City Commission opts to continue discussion on proposed nondiscrimination ordinance
City Commissioners said during their July 7 meeting that they’d like to move forward with considering a nondiscrimination ordinance focused on sexual orientation or gender identity or expression.
The Great Falls LGBTQ Center, in working with other advocacy groups, came to the meeting to ask commissioners, during the public comment period, to consider the ordinanace.
The item was not on the agenda, nor has staff made any proposed language and no vote is scheduled.
During about an hour of public comment, a number of people spoke in favor and opposition of such an ordinance.
At the end of the meeting, during the portion of the meeting when commissioners discuss items they’d like to explore or make announcements, they said they’d all like to continue discussing the NDO with legal review by the city attorney’s office and a review of what other Montana cities have already done.

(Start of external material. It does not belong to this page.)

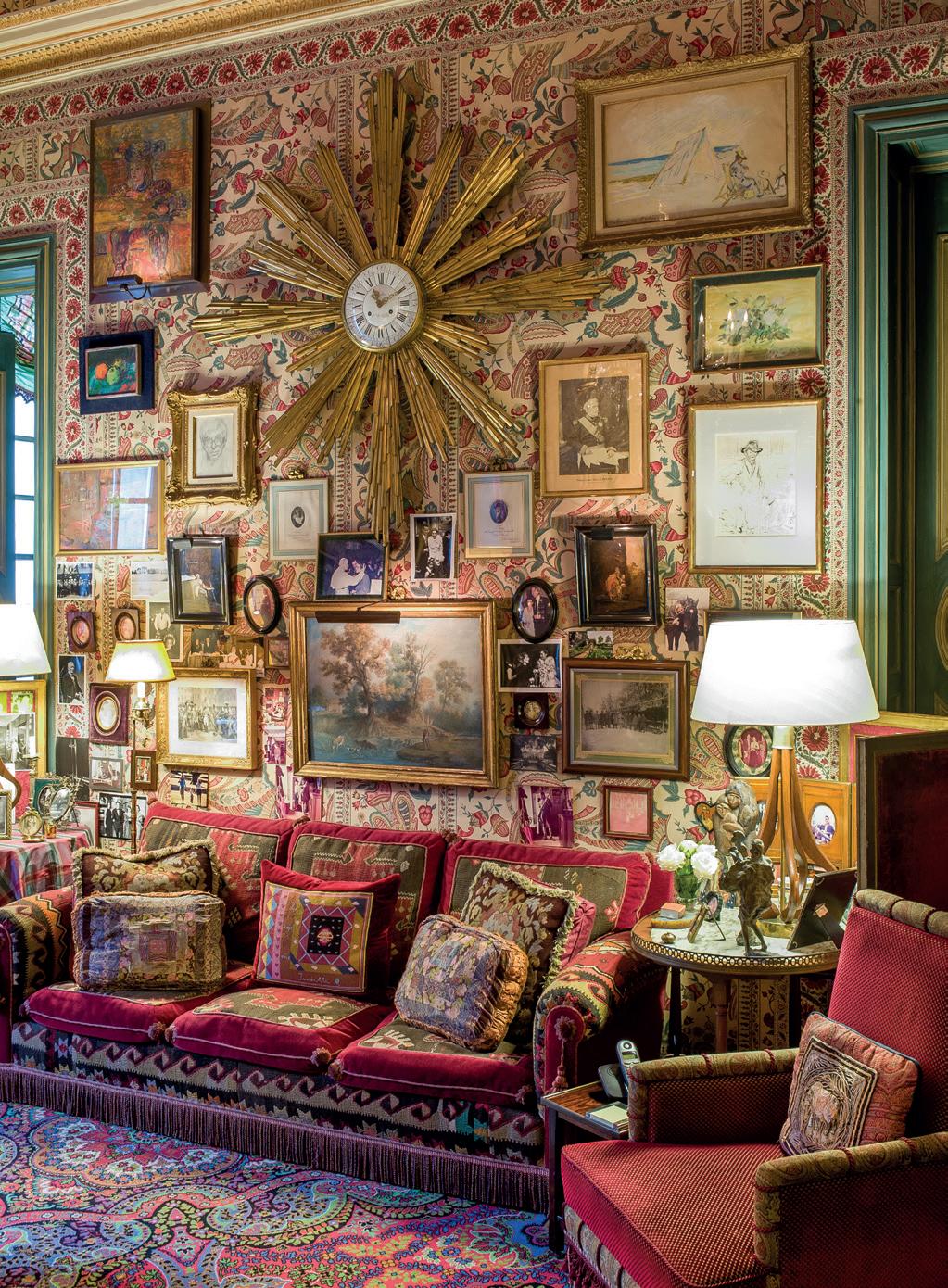 In this salon, lined with Braquenié fabric, a sunburst clock presides over a gallery of family photos, drawings, and collected paintings. The walls become a visual diary, woven with memory, lineage, and affection.

Commissioner Rick Tryon said he saw it as an important issue, but not an urgent one, and wanted time to review the proposed language since it “will be a very contentious issue to say the least.”

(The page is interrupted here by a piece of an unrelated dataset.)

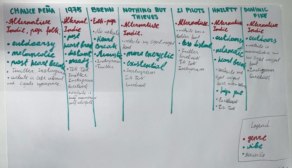 What did I do: I wrote everything down while also helping Julien with research, as we needed to gather a lot of information and analyze multiple artist websites. We selected seven artists from Owen’s playlist—ones he listens to often—and compared them based on genre, vibe, and social media presence. After extensive research, we found many similarities among them. The dominant genre was Alternative Indie, with a post-heartbreak and outdoorsy vibe. Regarding social media, Owen should definitely have an Instagram, as all seven artists do, and a TikTok, since six out of seven use it. From analyzing their websites, we noticed a preference for lightweight fonts, minimalistic design, with pictures of themselves on the website which is a part of the design.. I’ll keep this in mind when designing Owen’s website. (A part of this text was shortened by AI as my initial text was too long.)

Commissioner Mary Moe said she wanted to hear from the city legal office on the ordinance, but doesn’t want to see people in the community lose jobs or housing because of who they love.
Commissioner Tracy Houck said she wanted the city legal office to vet the proposal and knows that local groups have worked on developing language, which they said was similar to that adopted in other Montana communities.
She said she respected everyone who commented, whether in support or opposition, but was uneasy about the religious argument.
“It’s not about religion, it’s about equality in our community, Houck said.
Jasmine Taylor, president of the Great Falls LGBTQ Center, said she has experienced discrimination locally based on her sexual orientation and was asking commissioners to consider the ordinance and “asking for you to believe us.”
Multiple people called in to the meeting by phone to support the proposed ordinance and that it would help those who have experience fear of losing employment or housing, or have lost employment or housing, because of their sexual orientation or gender identity. They said there are gaps in the laws that leave those groups unprotected from discrimination in employment, housing and public accommodations.
Others said they were opposed to such an ordinance, primarily on religious grounds, saying that such an ordinance would infringe on the constitutional rights of those with strong religious convictions if their businesses had to support lifestyles in conflict with those beliefs. Others said there is existing state and federal law regarding discrimination in housing and employment.
The full draft of the ordinance proposed by the LGBQT Center is below:
INTENT AND PURPOSE:
State and/or federal law prohibits the denial of civil rights or discrimination on the basis of age, race, color, national origin, ancestry, religion, creed, sex, pregnancy, marital status, familial status (solely for housing), and physical or mental disability. In addition to these protections, it is the intent of the city of Great Falls that no person shall be denied his or her civil rights or be discriminated against based upon his or her sexual orientation or gender identity or expression.
The city commission declares that such discrimination prohibitions are necessary and desirable because existing state and federal laws regarding discrimination do not expressly or clearly address all discriminatory acts reported by the city’s diverse residents. Therefore, the city deems it necessary to adopt local regulations adapted to the needs of its citizens. Nothing in this chapter is intended, however, to conflict with such state and federal laws, or to alter or abridge other rights, protections, or privileges secured by state or federal law, including state and federal constitutional protections of freedom of speech and exercise of religion. (Ord. 3162, 12-17-2012)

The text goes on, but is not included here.